P is an element generally contained as an impurity, and if it exceeds 0.04%, embrittlement of the welded portion becomes remarkable. Therefore, the content of P is 0.04% or less. The lower limit value of the P content is not particularly defined, but it is economically disadvantageous to set it to less than 0.0001%. Therefore, the P content is preferably 0.0001% or more.

(S: 0.01% or less)

S is an element generally contained as an impurity and adversely affects weldability, casting and hot-rolled productivity. Therefore, the S content should be 0.01% or less. In addition, if S is excessively contained, coarse MnS is formed to lower the hole expandability. Therefore, in order to improve hole expandability, it is preferable to reduce the S content. The lower limit value of the S content is not specifically defined, but it is economically disadvantageous to set it to less than 0.0001%. Therefore, the S content is preferably 0.0001% or more.

(N: 0.01% or less)

N is an element generally contained as an impurity, and when the N content exceeds 0.01%, a coarse nitride is formed to deteriorate bendability and hole expandability. Therefore, the N content should be 0.01% or less. Further, if the content of N is increased, it is preferable to reduce the content in view of causing blowholes at the time of welding. The lower limit of the N content is preferably as small as possible and is not specifically defined, but the manufacturing cost is increased in order to make the N content less than 0.0005%. Therefore, the N content is preferably 0.0005% or more.

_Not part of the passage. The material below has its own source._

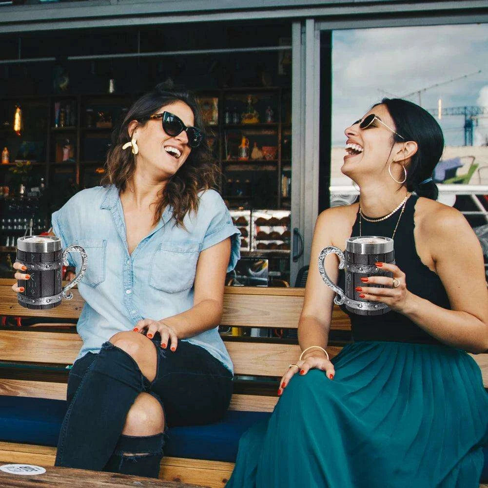 Viking-Inspired Stainless Steel Mug with Artistic Resin Design
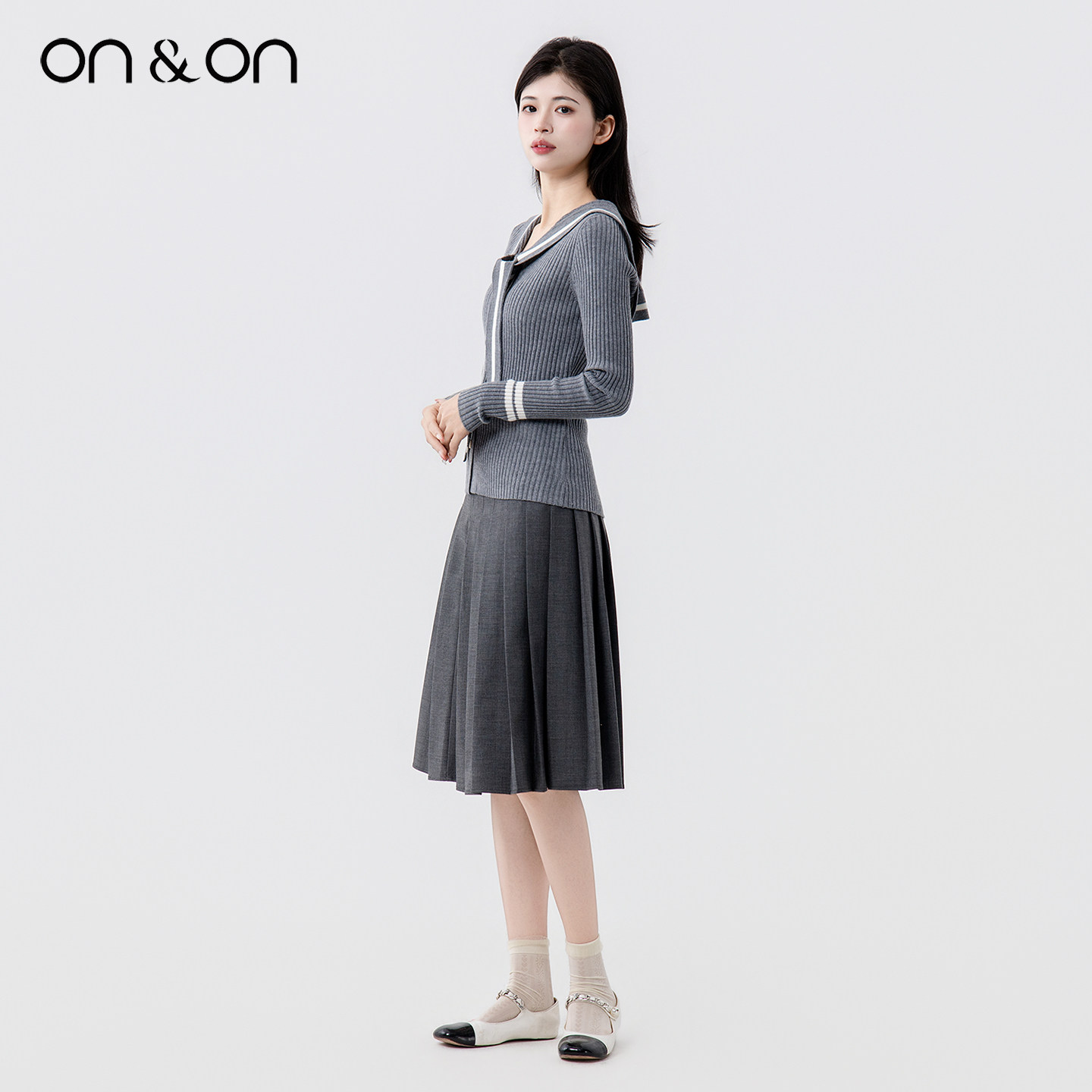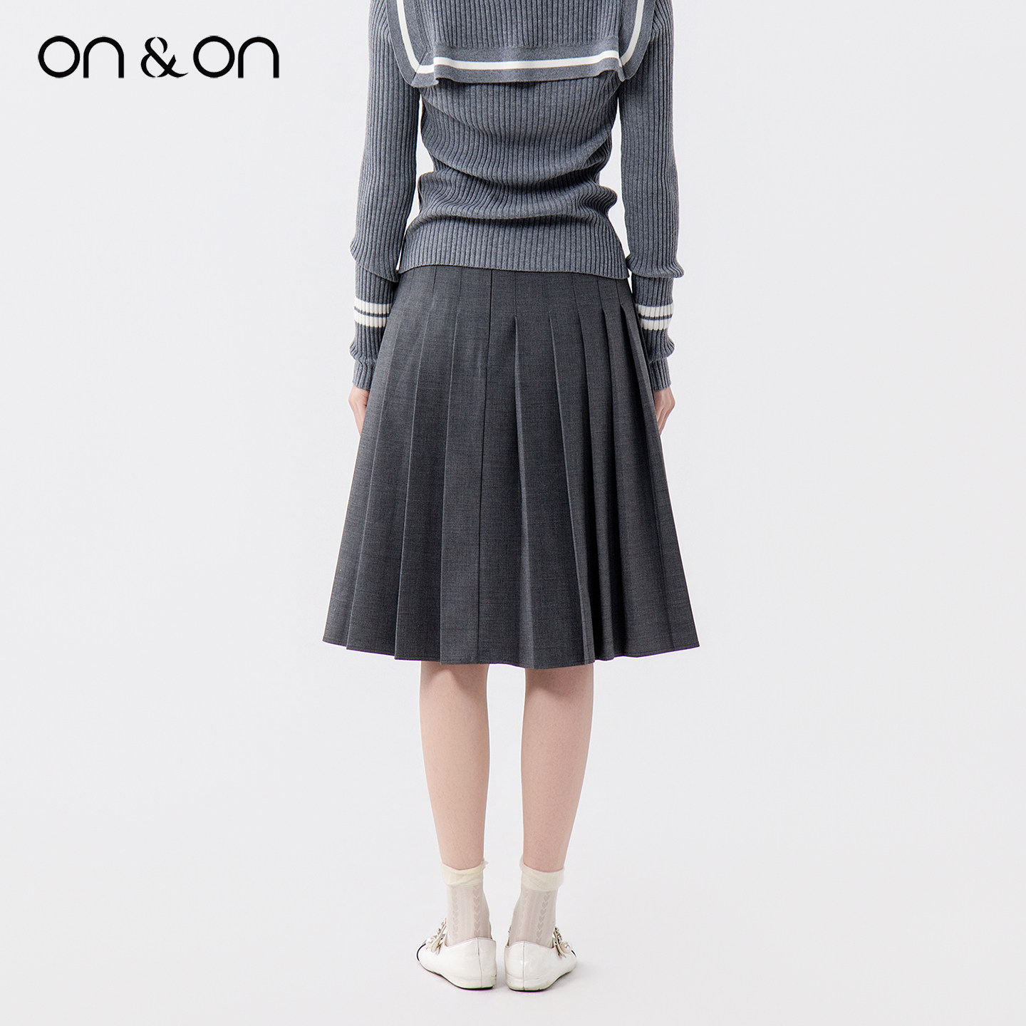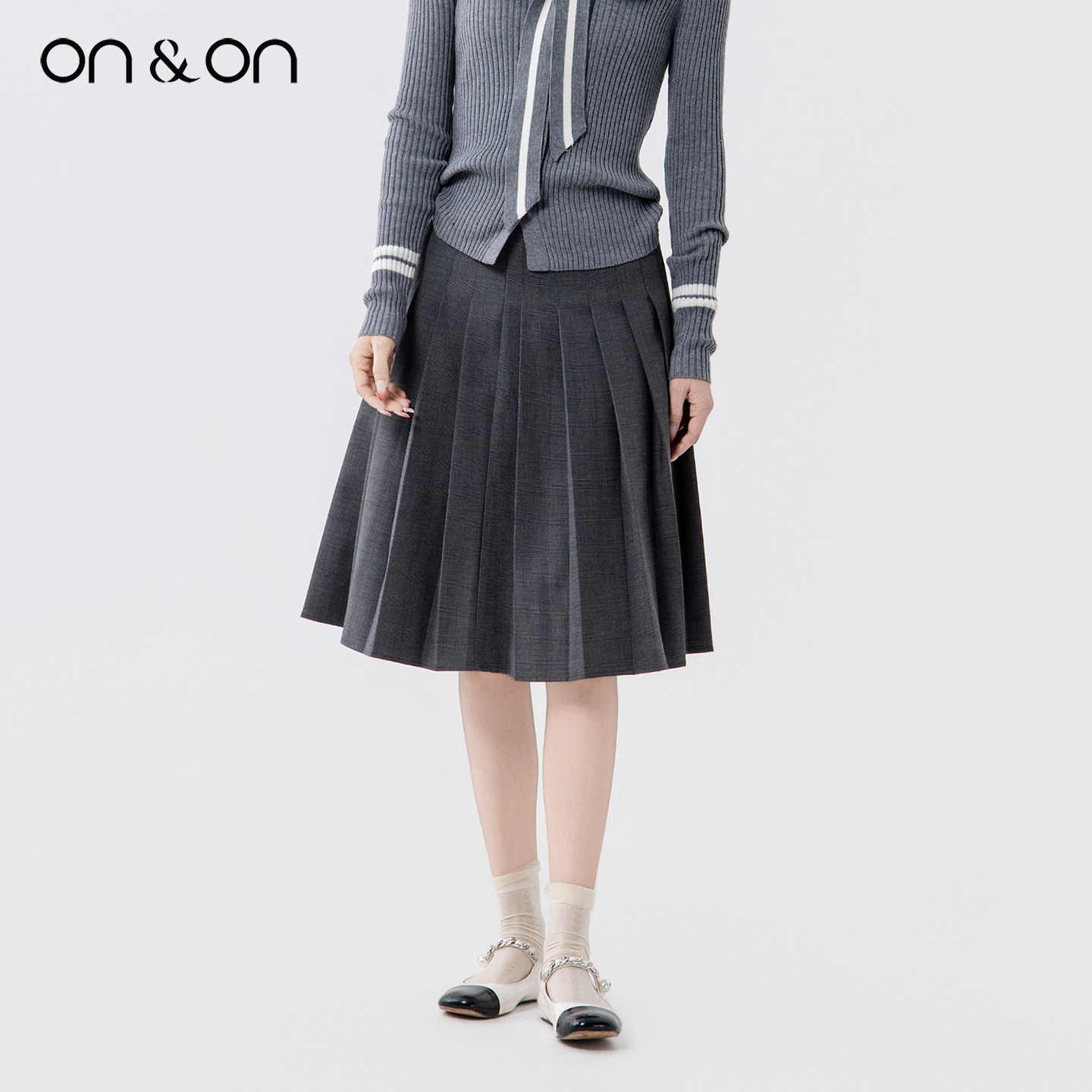 ON&ON/安乃安2026春季新款韩系高腰松紧时尚百搭学院风百褶半裙

The steel sheet chemical composition of the present invention may contain Nb, Ti, V, W, Mo, Cr, Cu, Ni, B, REM and Ca as optional components. Since these elements are contained in the steel as optional components, the lower limit value is not specifically defined.

(Nb: 0 to 0.06%)

(Ti: 0 to 0.20%)

Nb and Ti are elements for precipitation strengthening of ferrite. Therefore, one or two of these elements may be contained. However, if Nb is contained in an amount exceeding 0.06%, the ferrite transformation is greatly retarded and elongation is deteriorated. Therefore, the content of Nb is 0.06% or less. , Preferably 0.03% or less, more preferably 0.025% or less. Further, when Ti is contained in an amount exceeding 0.20%, the ferrite is excessively strengthened and high elongation can not be obtained. Therefore, the Ti content should be 0.20% or less. Preferably 0.16% or less, more preferably 0.14% or less. In order to more securely strengthen the ferrite, the Nb content is preferably 0.005% or more, more preferably 0.01% or more, and particularly preferably 0.015% or more. The Ti content is preferably 0.02% or more, more preferably 0.06% or more, and particularly preferably 0.08% or more.

(V: 0 to 0.20%)

(W: 0 to 0.5%)

(Mo: 0 to 0.40%)

V, W and Mo are elements contributing to strengthening. Therefore, at least one of these elements may be contained. However, if it is excessively contained, the moldability may deteriorate. Therefore, the V content is 0.20% or less, the W content is 0.5% or less, and the Mo content is 0.40% or less. The V content is preferably 0.02% or more, the W content is preferably 0.02% or more, and the Mo content is preferably 0.01% or more in order to more reliably obtain the effect of high strength.

(Cr: 0 to 1.0%)

(Cu: 0 to 1.2%)

(Ni: 0 to 0.6%)

(B: 0 to 0.005%)

Cr, Cu, Ni and B are elements having a function of strengthening the steel. Therefore, at least one of these elements may be contained. However, if it is contained in an excess amount, the moldability may deteriorate. Therefore, the Cr content is 1.0% or less, the Cu content is 1.2% or less, the Ni content is 0.6% or less, and the B content is 0.005% or less. The Cr content is preferably 0.01% or more, the Cu content is preferably 0.01% or more, the Ni content is preferably 0.01% or more, and the B content is 0.0001 % Or more.

(REM: 0 to 0.01%)

(Ca: 0 to 0.01%)

REM and Ca are effective elements for controlling oxide and sulfide forms. Therefore, one or two of these elements may be contained. However, if the content of any element is excessive, the moldability may be impaired. Therefore, the REM content is 0.01% or less and the Ca content is 0.01% or less. In order to more reliably control the shape of the oxide or the sulfide, the REM content is preferably 0.0005% or more, and the Ca content is preferably 0.0005% or more. In the present invention, REM refers to elements of La and lanthanoid series, and is often added as mischmetal, and contains a combination of elements such as La and Ce. Metal La or metal Ce may be contained.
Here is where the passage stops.